Michael John Hugg (born 11 August 1940) is a British musician who achieved fame as a founding member of the 1960s group Manfred Mann.

Biography
Hugg was born in Gosport, Hampshire in 1940. His parents condoned his jazz drumming as long as he continued his piano lessons. Pursuing a career in jazz, he met Manfred Mann while working as a musician at Butlin's Clacton, and they formed a seven-piece group. The Mann-Hugg Blues Brothers recruited Paul Jones and later Tom McGuinness. On signing with HMV Records their producer, John Burgess, changed their name to Manfred Mann.

Hugg is a competent pianist and an able vibraphone player, but his main role in Manfred Mann was as drummer. However, he recorded several vibraphone solos with the band (e.g. "I'm your Kingpin") and used the instrument to augment hits such as "Oh No Not My Baby". He was credited as co-writer of the group's early hits and contributed solo compositions throughout its life, including jazzy instrumentals ("Bare Hugg") and wistful acid-pop ("Funniest Gig", "Harry the One Man Band"). His abilities as a songwriter grew throughout the group's career, though Hugg became progressively unhappy with the band's commercial output, describing the group's single "Ha! Ha! Said the Clown", in an interview with Melody Maker as one of the five worst records he had ever heard.

He and his brother composed "Mister, You're a Better Man Than I" which was recorded by the Yardbirds in 1965. Hugg also composed the majority of the songs for the 1968 Paramount film Up the Junction. By this time Hugg was already branching out into film and television composition. After composing for Up The Junction, he wrote incidental music to a BBC Wednesday Play, and contributed to the score for the Jesús Franco film Venus in Furs in 1969, together with Manfred Mann. He co-wrote the theme music to the BBC TV comedy series Whatever Happened to the Likely Lads in 1972 (along with Ian La Frenais, one of the scriptwriters for the series), followed by the score to the 1976 feature film.

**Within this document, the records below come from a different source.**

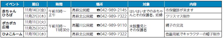 ※11月の赤ちゃんひろば(武蔵台公民館)と12月のぴよぴよ広場(武蔵台公民館)はお休みします。
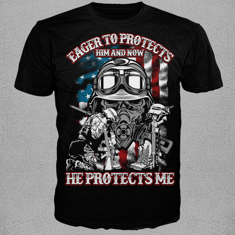 Colors and size in "Protects Me" is easy editable for any dark colors shirt.
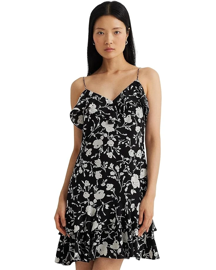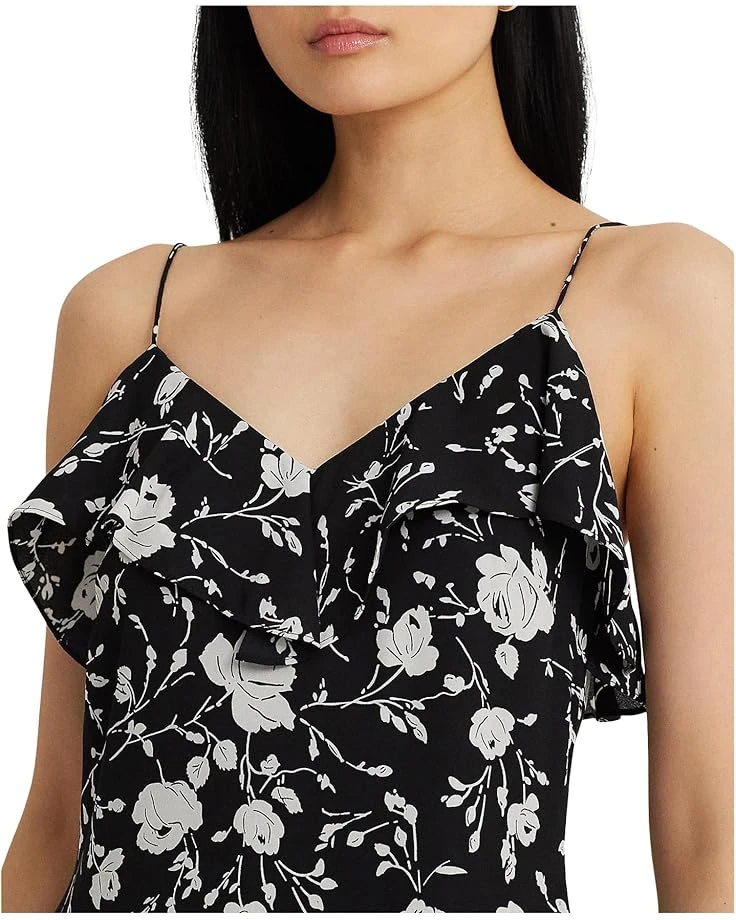 - Embrace the enchantment of sophistication with the LAUREN Ralph Lauren® Floral Georgette Sleeveless Dress − where romance meets modern style. Adorned in a daring rose print, the sheath silhouette and ruffle-trimmed V-neck exude timeless elegance. Spaghetti straps and a tiered skirt create a flirty touch, making every movement a dance of grace.
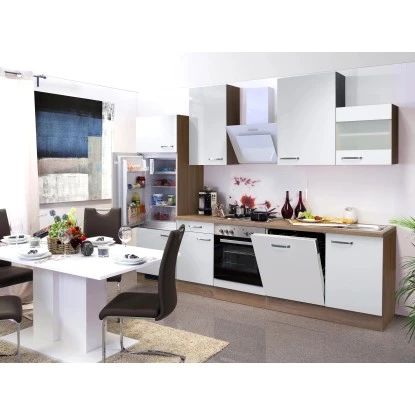 Die vorkonfigurierten Küchenzeilen überzeugen durch ihr Design und die vielfältigen Funktionen. Die Türen der Schränke sind sowohl für den links- als auch rechtsseitigen Aufbau vorbereitet, was Ihnen ein Höchstmaß an Flexibilität bei der Montage bietet. Die hochwertigen und pflegeleichten Kunststofffronten und die stabile Bauweise der Schrankkörper garantieren Ihnen lange Freude an Ihrer Küche. Eine Arbeitsplatte im passenden Design gehört bei dieser Küchenzeile mit dazu.
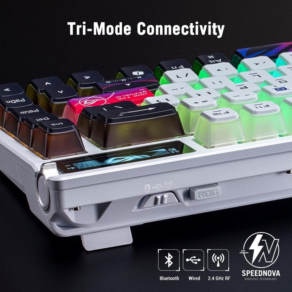 Vlastní herní klávesnice ROG Azoth X 75% s mechanickými spínači ROG NX V2 vyměnitelnými za provozu, barvenými a poloprůhlednými klávesami, kovovým horním krytem, těsněním, pětivrstvou tlumicí pěnou, polohovací deskou FR4, deskou plošných spojů orientovanou na jih, třírežimovým připojením s technologií SpeedNova 2,4 GHz, displejem OLED, třísměrným ovládacím kolečkem, opěrkou zápěstí, třemi úhly náklonu a podporou počítačů Mac.

Between 1967 & 1968 Hugg helped write & produce songs for The Cherry Smash, a group that included his brother Bryan Sebastian, along with Mick Gill, John Curtis, Graham Hunt, and Mark Tuddenham. 
Their singles were:
1967 - Sing Songs of Love/Movie Star (on the Track label)
1968 - Goodtime Sunshine/Little Old Country Home Town (on the Decca label)
1968 - Fade Away Maureen/Green Plant (on the Decca label)

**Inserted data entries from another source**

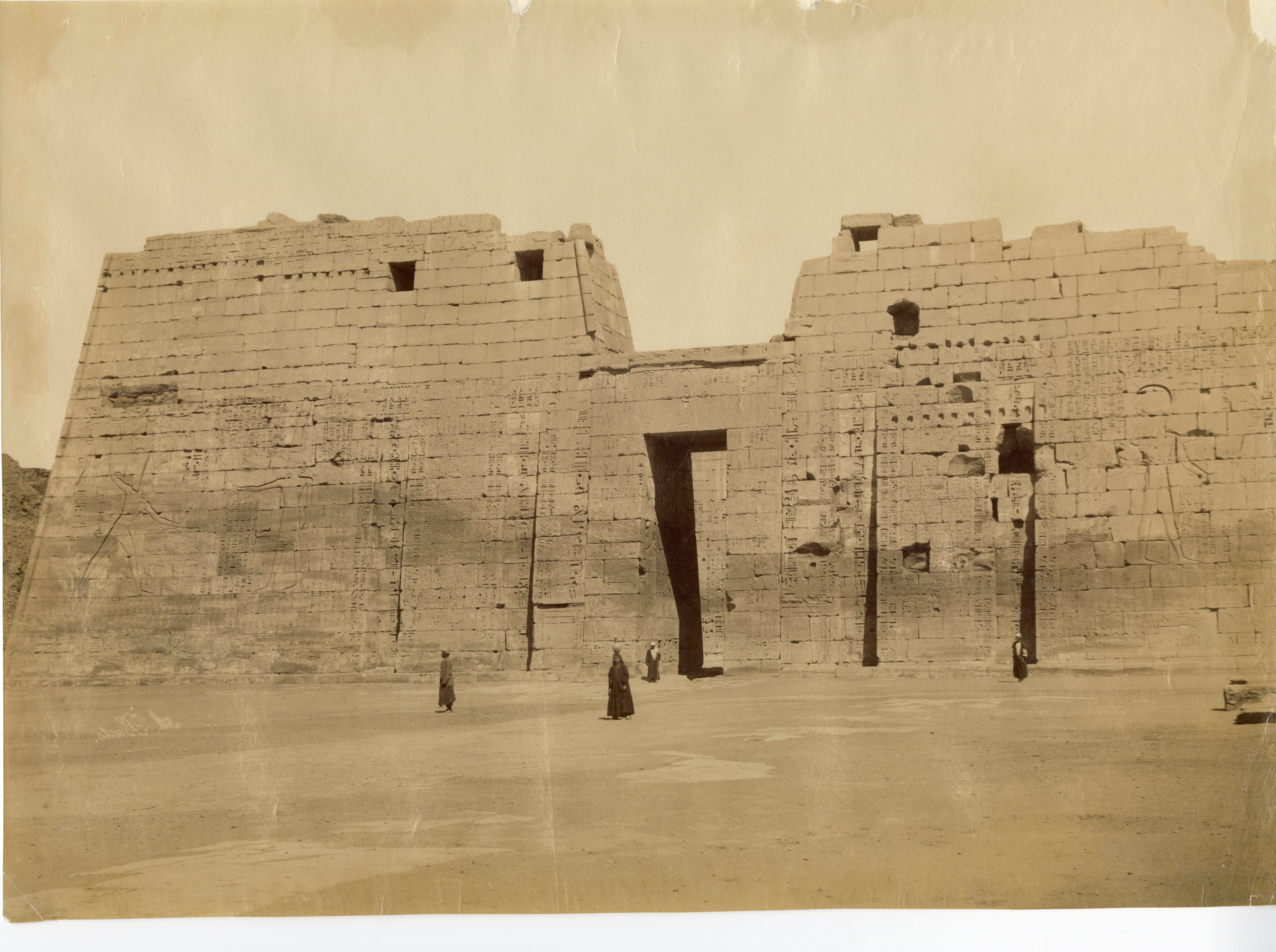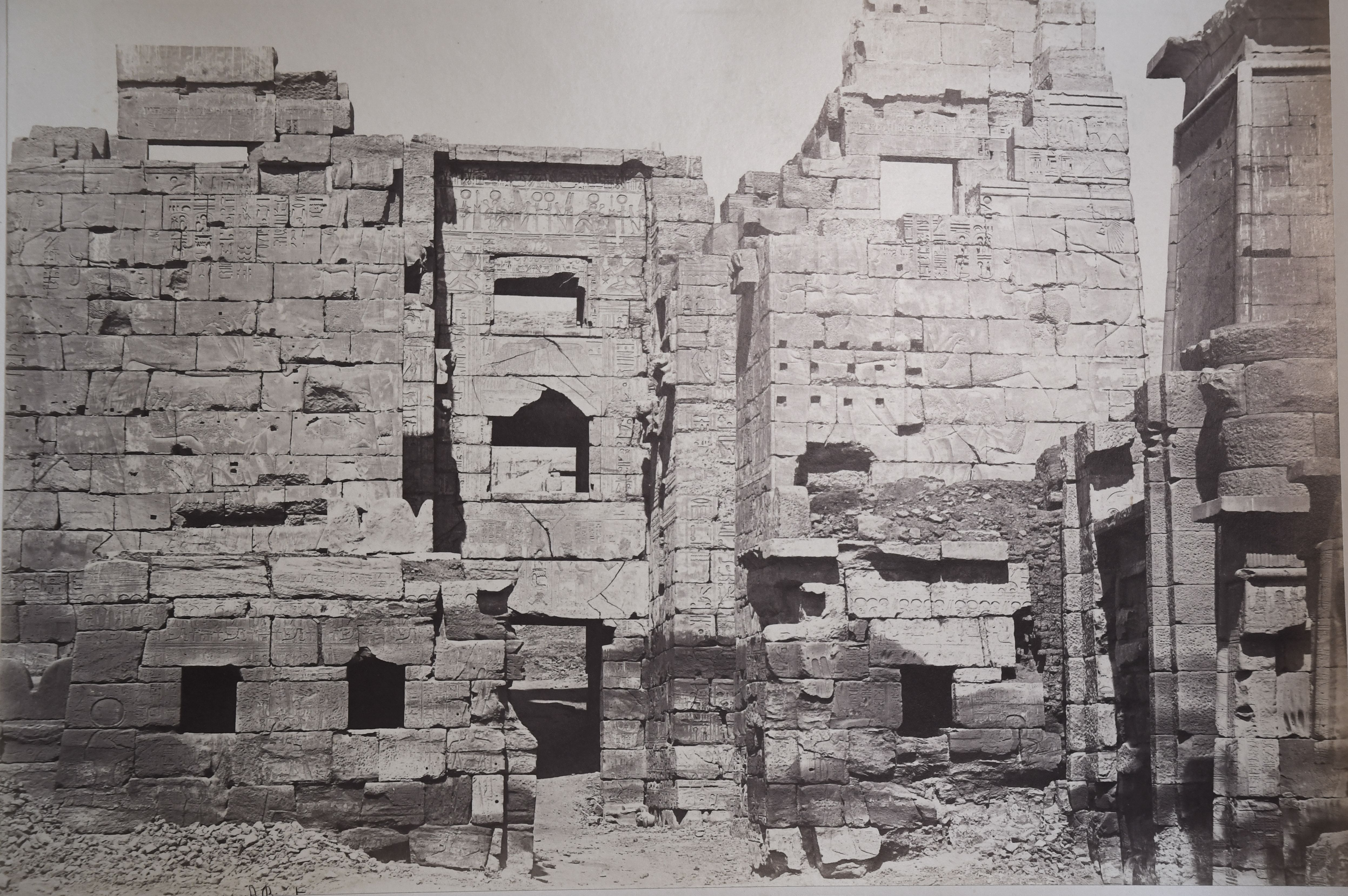 Fotografia del portale di ingresso del tempio di Medinet Habu, il migdol, il portale-torre fortificato di ispirazione vicino-orientale. La firma dell’autore si trova, tagliata, in basso a sinistra.
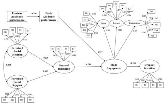 Both support and social isolation have shown their importance in university studies due to their impact on social integration of students and the consequences of this on mental health and the networks available to advance in academic activities [35,36], in addition to being directly related to lower dropout rates [37]. Therefore, the greater the social integration, the lower the probability of drop out, where social integration is being affected by both social support and social isolation.
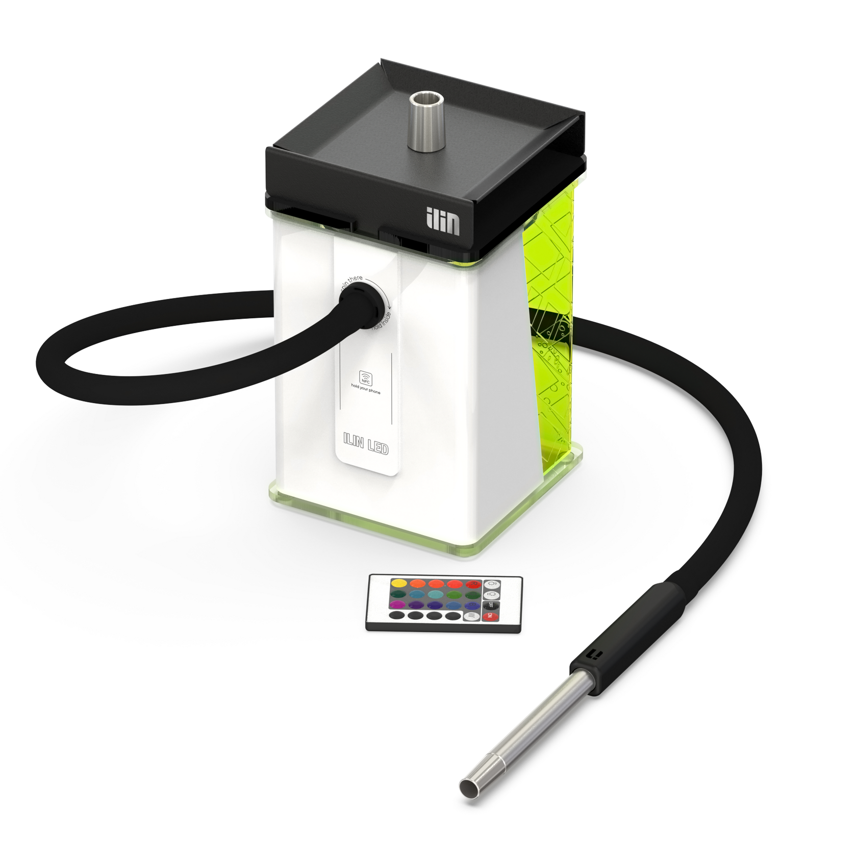 Кальян ILIN LED: Колба, Шахта и блюдце из нержавеющей стали, Уплотнитель для чаши, Шланг, Подсветка с пультом, Магнитный коннектор, Мундштук ILIN, Антисплеш (брызговик).
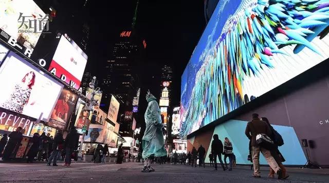 美國紐約時報廣場隨處可見的巨幅廣告牌。(新華社/圖)
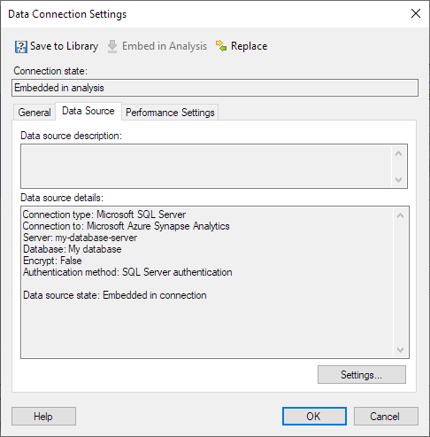 | Connection state | Shows the current state of the data connection. Either it is Embedded in analysis which means it is available for editing, or it is Shared in library. |
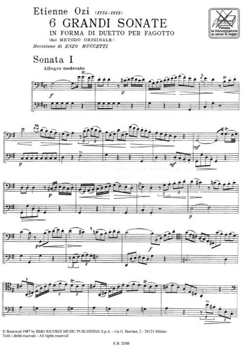 Edited by Enzo Muccetti, these sonatas are taken from Ozi's Bassoon Method. They come as a performance score- there are no separate parts.

When he and Manfred Mann formed the more progressive Manfred Mann Chapter Three, taking inspiration from Dr. John and free jazz and touring with a five-piece brass section, Hugg moved to electric piano and lead vocals. He took the latter role, by his own account, purely because no-one better was available. One of its themes was used as the soundtrack of a TV advertisement for cigars. Hugg released two solo albums, and one album with the band Hug in the 1970s.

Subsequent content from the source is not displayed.